Tech

Hackers hacked hundreds of e-commerce websites to steal payment information


About 500 e-commerce Websites were recently found to be compromised by hackers who installed stealthy credit card readers that steal sensitive data when visitors attempt to make purchases.

ONE report published on Tuesday is just the latest in regard to Magecart, a contamination term given to competing criminal groups that infect ecommerce sites with skimmers. Over the past few years, Thousands belong to web sites was to hit by tapping make them run malicious code. When a visitor enters payment card details during a purchase, the code sends that information to servers controlled by the attacker.

Sansec, the security company that discovered the latest wave of infections, said the compromised websites were loading malicious scripts hosted at the naturalfreshmall domain.[.]com.

“Natural Fresh skimmer displays a fake payment popup, defeating the security of a hosted (PCI-compliant) form of payment,” the company researchers said. Written on Twitter. “Payment sent to https://naturalfreshmall[.]com/Payment/Payment.php. ”

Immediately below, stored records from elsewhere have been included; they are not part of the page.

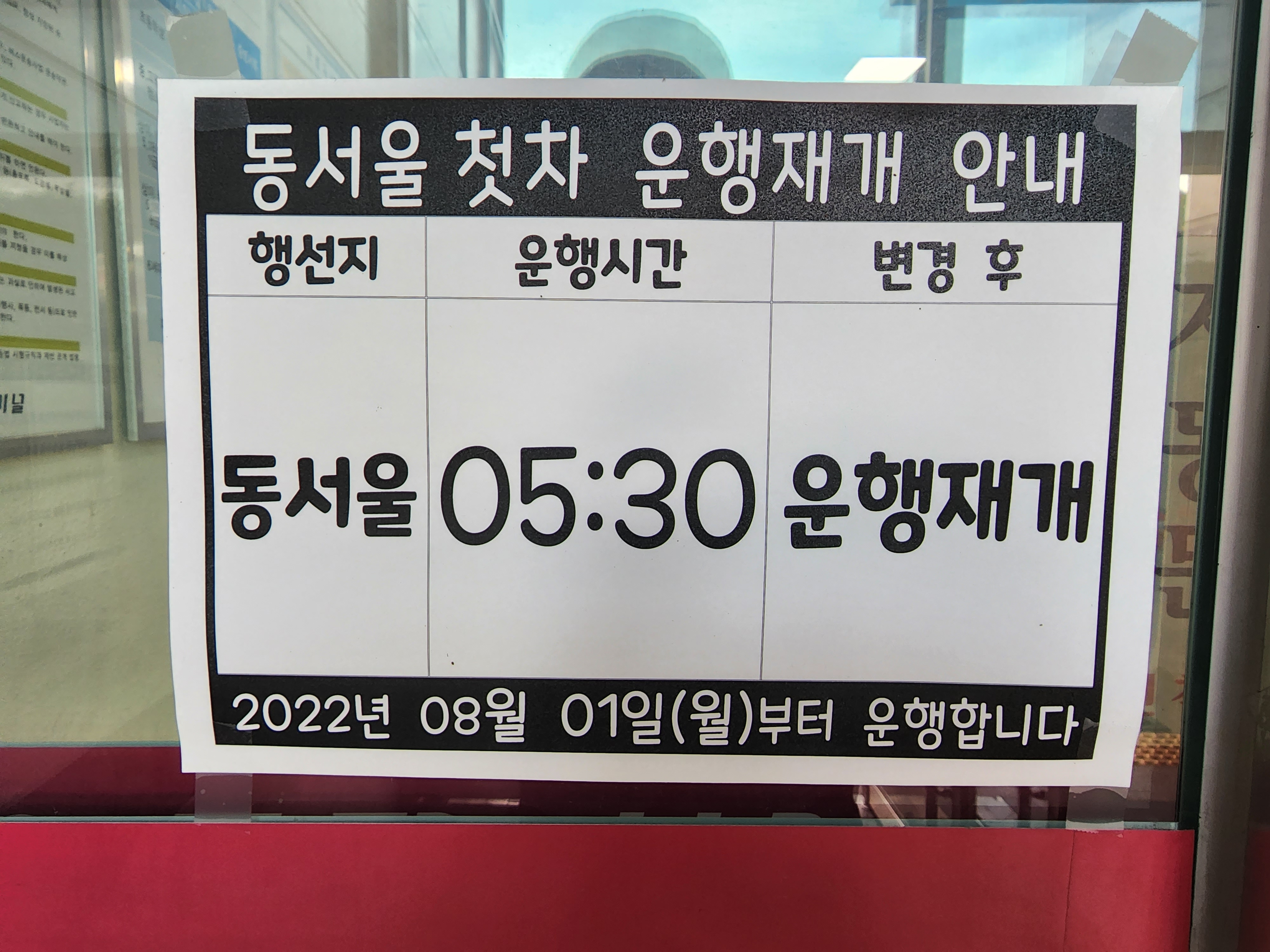 안동 출발 동서울. 첫차 운행재개
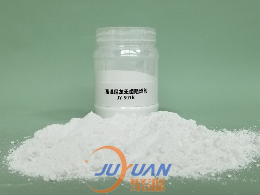 JY-501B是一种有机次磷酸盐阻燃剂,应用于PA66,6T,PPA等高温工程料无卤阻燃,符合欧盟ROHS指令和REACH法规要求。具有极佳的流动性,可以侧喂料添加,可完全替代OP1230/OP1240。
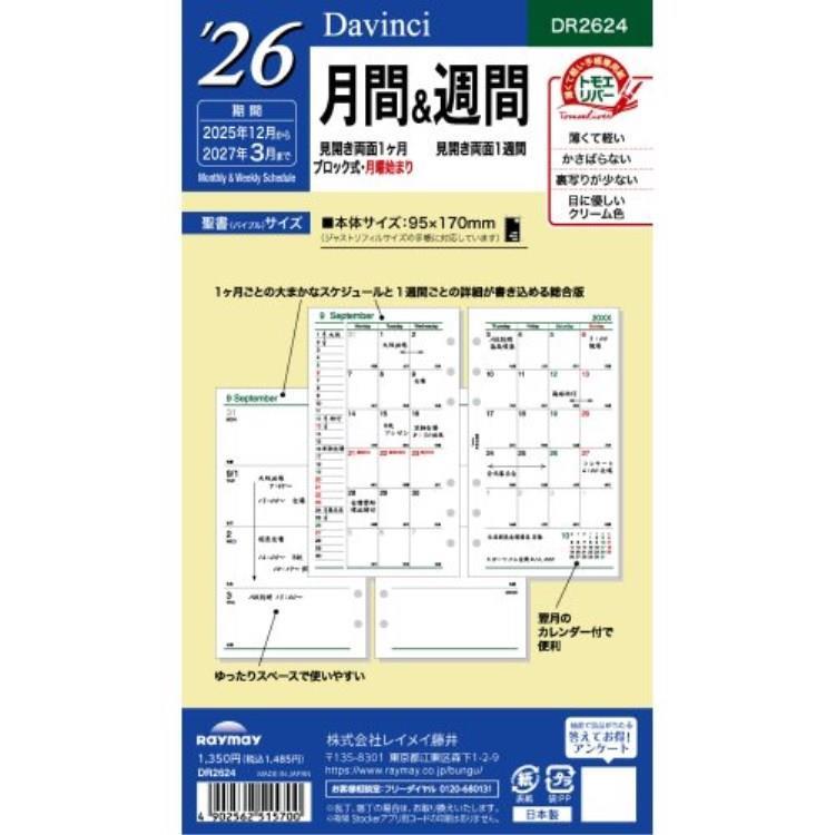 - 2025年12月始まりシステム手帳用リフィル バイブル ダヴィンチ 月間&週間
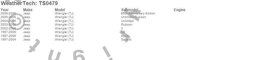 Below is an abbreviated list of applications for the WeatherTech SunShade.Wrangler (TJ), Jeep, 2006, 2005, 2004, 2003, 2002, 2001, 2000, 1999, 1998, 1997
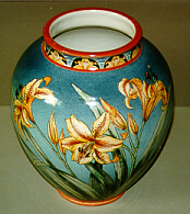 My collection is from the hand painted period - vases, lamps, plates and mugs; a mix of what I personally collected during my years at SBCD, pieces I bought back from wholesale accounts, those I commissioned and many destined for craft galleries and exhibitions. In 1989 Hurricane Hugo destroyed my truck and my ability to distribute the inventory. They've been stored in the attic since then.
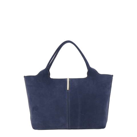 Tods Ladies Tote. SKU: XBWEBRA0250XBLUU604. Color: Blu. TodS Ebr Blue Tote Bag With Logo Plaque On The Front And Contrasting Stitching In Suede Woman. Tote bag Blue Two top handles Logo plaque on the front Magnetic closure Contrasting stitching Gold tone metalware Suede Dimensions: 42x27x13 cm. Composition:
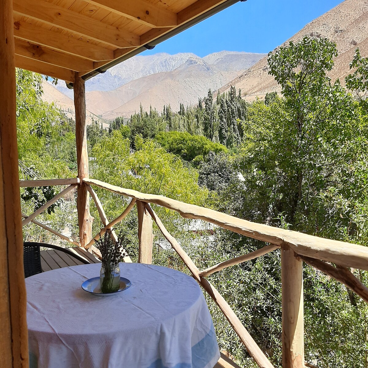 我們是幾位科學家,想開放我們的住所,讓您可以享受Del Valle del Elqui。 我們在Vicuña有一間私人小木屋( 4人) ,距離廣場2公裏。 大型綠色區域、兒童遊戲、有屋頂的停車位、私人泳池和野餐區。 我們有一個室外按摩浴缸(需額外付費)。 環境安靜,寵物友善。
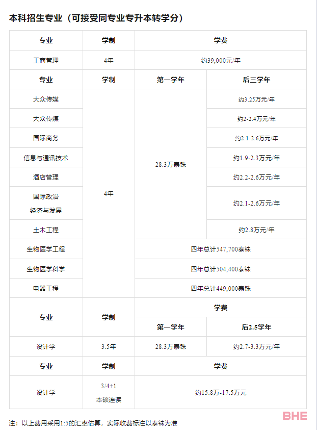 三年费用约18万元(注:申请时需缴纳7.98万元);录取后每学期缴纳100,000泰铢)共六学期,(实际学费收费标准以泰铢为准,按照缴费时的汇率实时换算)。
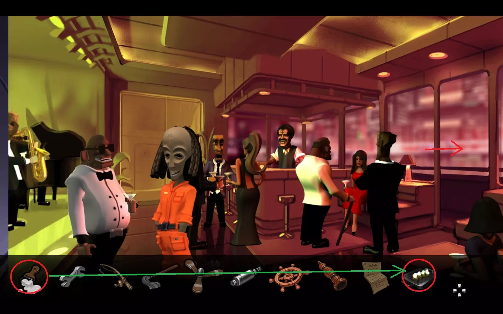 - 返回飞机,然后下到油泵(加油处)。 - 点击阀门获取机油。 - 前往鹈鹕所在的码头,点击盐袋。 - 登上船,通过梯子爬到游艇处。
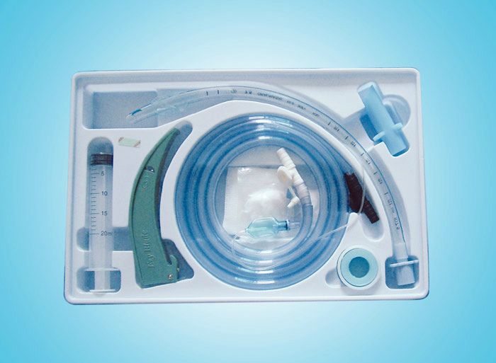 ロ咽通气道、一次性使用灭菌橡胶外科手套、喉镜片、戒指球一次性使用治疗巾、一次性使用手术洞中、一次性使用配药注射器、输液放带硅油棉球、导芯、托盘、包布组成;11型加强型由基本配置气管插管(加结构及组成强型)、脱脂纱布块和选配配置牙垫(气管插管围定器)、呼吸道用吸引
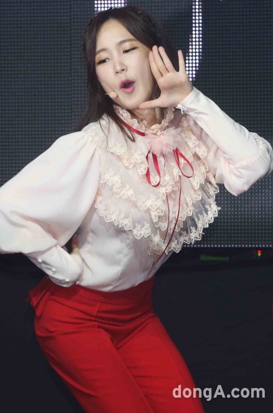 걸그룹 크레용팝의 초아가 23일 오후 서울 마포구 예스24 무브홀에서 열린 첫 정규앨범 'Evolution pop_Vol.1' 쇼케이스에서 신곡 무대를 선보이고 있다.
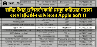 ৩. বিআইডব্লিউটিএ (BIWTA) ঠিকাদারি: ২০২৪ সালের এপ্রিল মাসে (সরকার পতনের মাত্র ৩ মাস আগে) বাংলাদেশ অভ্যন্তরীণ নৌ-পরিবহন কর্তৃপক্ষ (BIWTA)-এর একটি টেন্ডারে (টেন্ডার আইডি: 18.11.0000.311.14.135.2024/2216) ৩৬ লক্ষ ৪৬ হাজার টাকার পণ্য সরবরাহের কাজ পায় অ্যাপল সফট আইটি। প্রশ্ন উঠেছে, একটি সফটওয়্যার কোম্পানি কীভাবে পণ্য সরবরাহের (Goods) কাজ পায়?
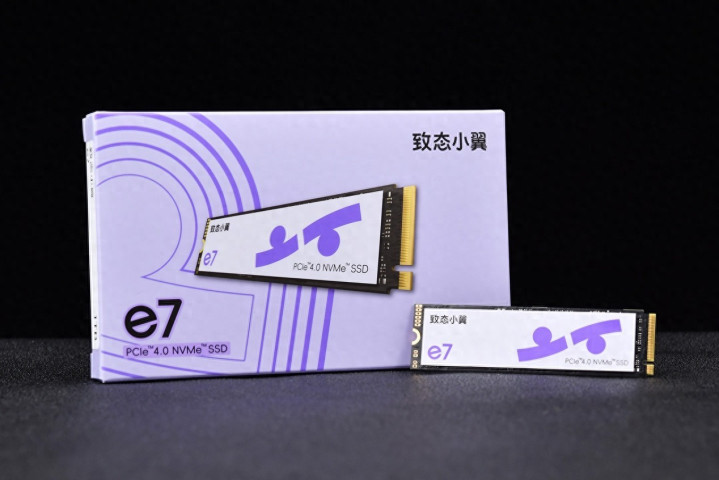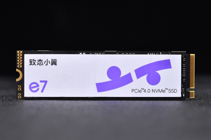 致态小翼e7的正面标签设计非常有特色,整体配色与包装呼应,左侧有黑色的“致态小翼”和紫色的“e7”标识,右侧的图案设计可谓传神,既像是翅膀,传神体现了“翼”字的“羽”字头元素的变形,又像一双眼睛,以新生代“好奇视角”去发现数字世界的精彩纷呈。
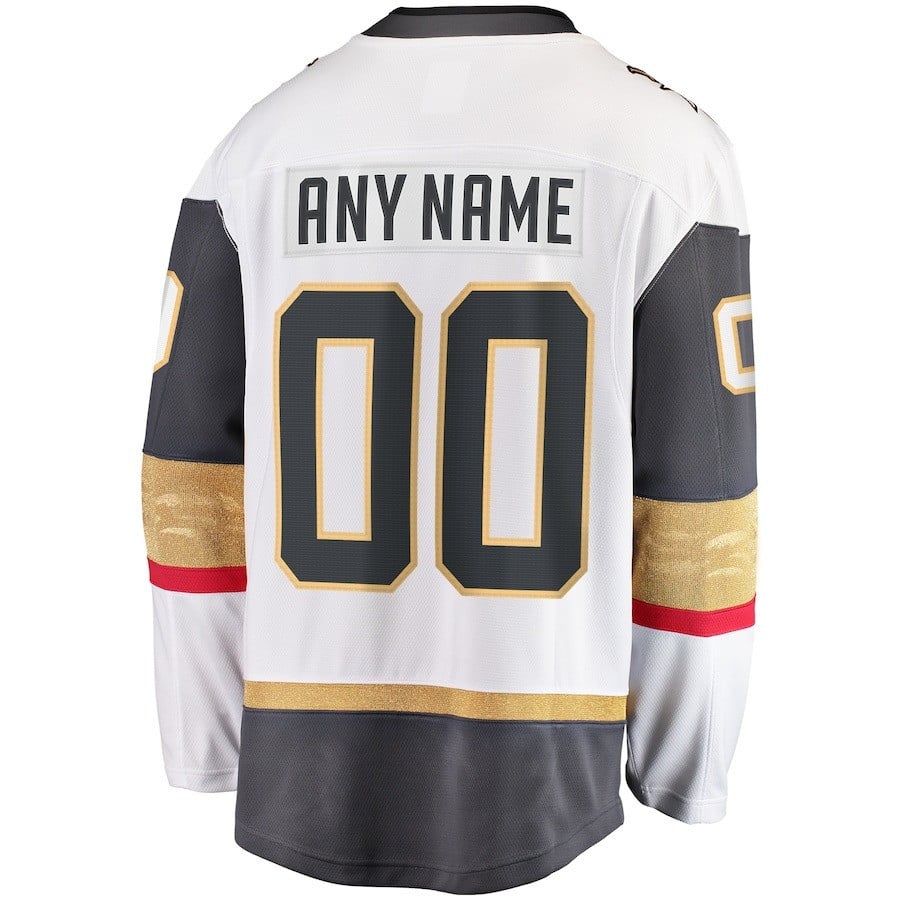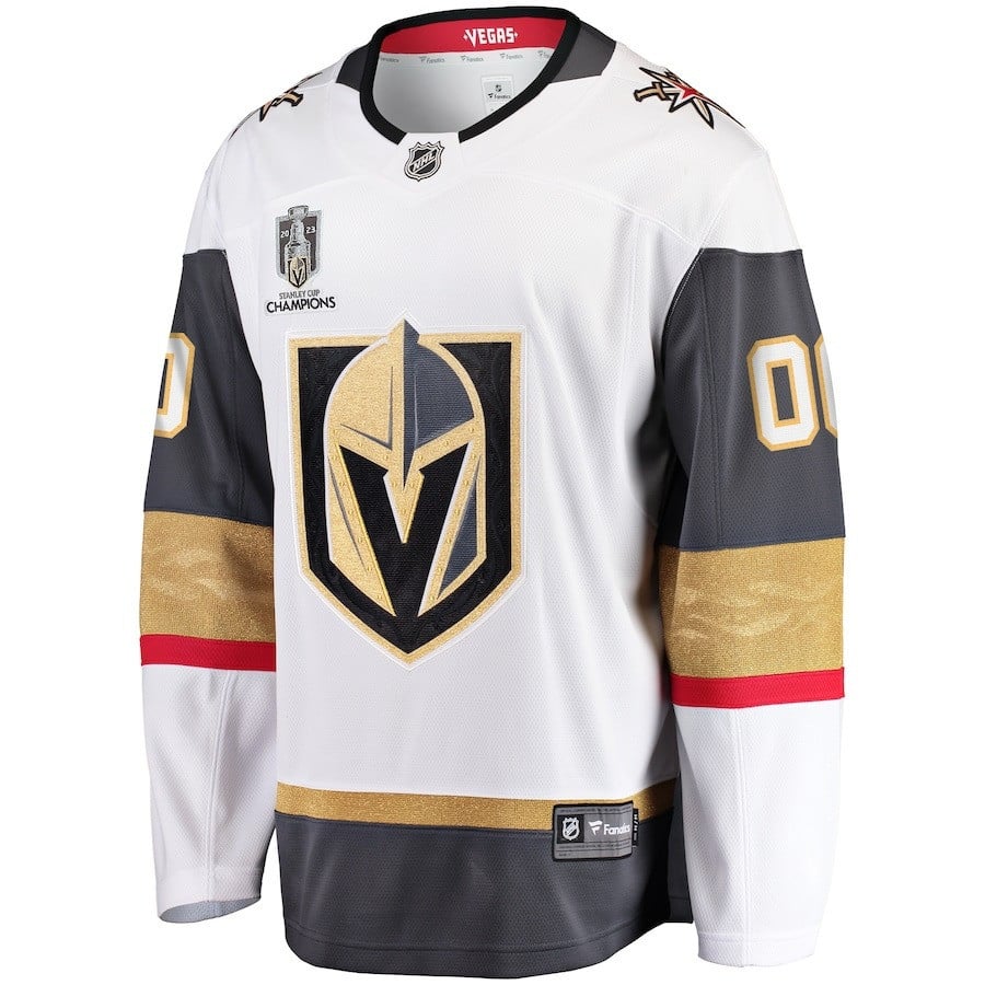Vegas Golden Knights 2023 Stanley Cup Champions Patch Custom 00 Away Breakaway Custom Hockey Jersey – White – JS331
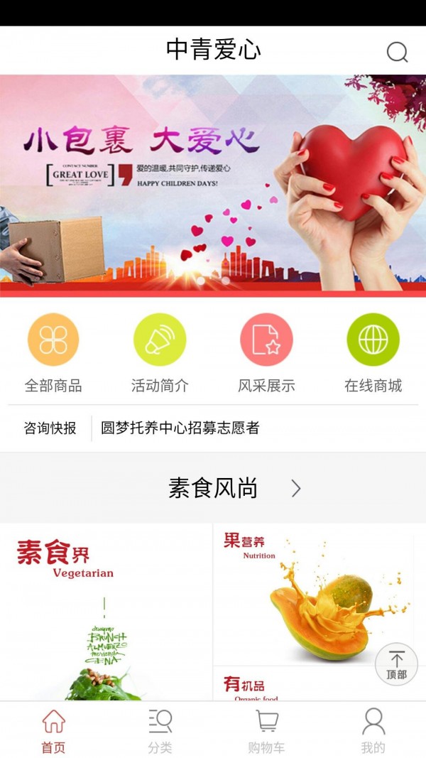 中青爱心网app是一款网络购物应用,是个集传统文化展示,艺术、百货、素食类商品售卖的移动平台。中青爱心网app旨在让用户们足不出户就能买到需要的产品。

The hacker then modify existing files or create new ones that provide no less than 19 backdoors that hackers can use to keep control of websites in case a malicious script is detected and removed and the vulnerable software is updated. The only way to completely disinfect a site is to identify and remove the backdoors before updating the vulnerable CMS that allowed the site to be hacked in the first place.

Sansec worked with the administrators of the hacked sites to determine the common entry points used by the attackers. The researchers eventually determined that the attackers combined the SQL injection exploit with a PHP object injection attack in a Magento plug-in called Quickview. The exploit allows attackers to execute malicious code directly on the web server.

They completed this code execution by abusing Quickview to add validation rules to the customer_eav_attribute table and inserting a payload that tricked the hosting application into creating a malicious object. They then register as a new user on the site.

“However, simply adding it to the database will not run the code,” said Sansec researchers explain. “Magento really needs to decrypt the data. And there is a clever twist to this attack: By using authentication rules for new customers, an attacker can trigger a de-commercialization process simply by browsing through the Magento registration page.” .

It’s not hard to find sites that are still infected more than a week after Sansec first reported the campaign on Twitter. At the time this post went live, Bedexpress[.]com continues to contain this HTML attribute, which pulls JavaScript from the fake naturalfreshmall[.]domain com.

The hacked sites were running Magento 1, a version of the e-commerce platform that was discontinued in June 2020. A safer bet for any site still using this deprecated plan. is to upgrade to the latest version of Adobe Commerce. Another option is to install the available open source patches for Magento 1 using DIY software from the OpenMage project or with commercial support from Mage-One.

In general, it is difficult for people to spot a payment card skimmer without special training. One option is to use anti-virus software like Malwarebytes, which checks in real time for JavaScript being served on a visited website. People may also want to stay away from websites that appear to be using outdated software, although that can hardly guarantee that the site is secure.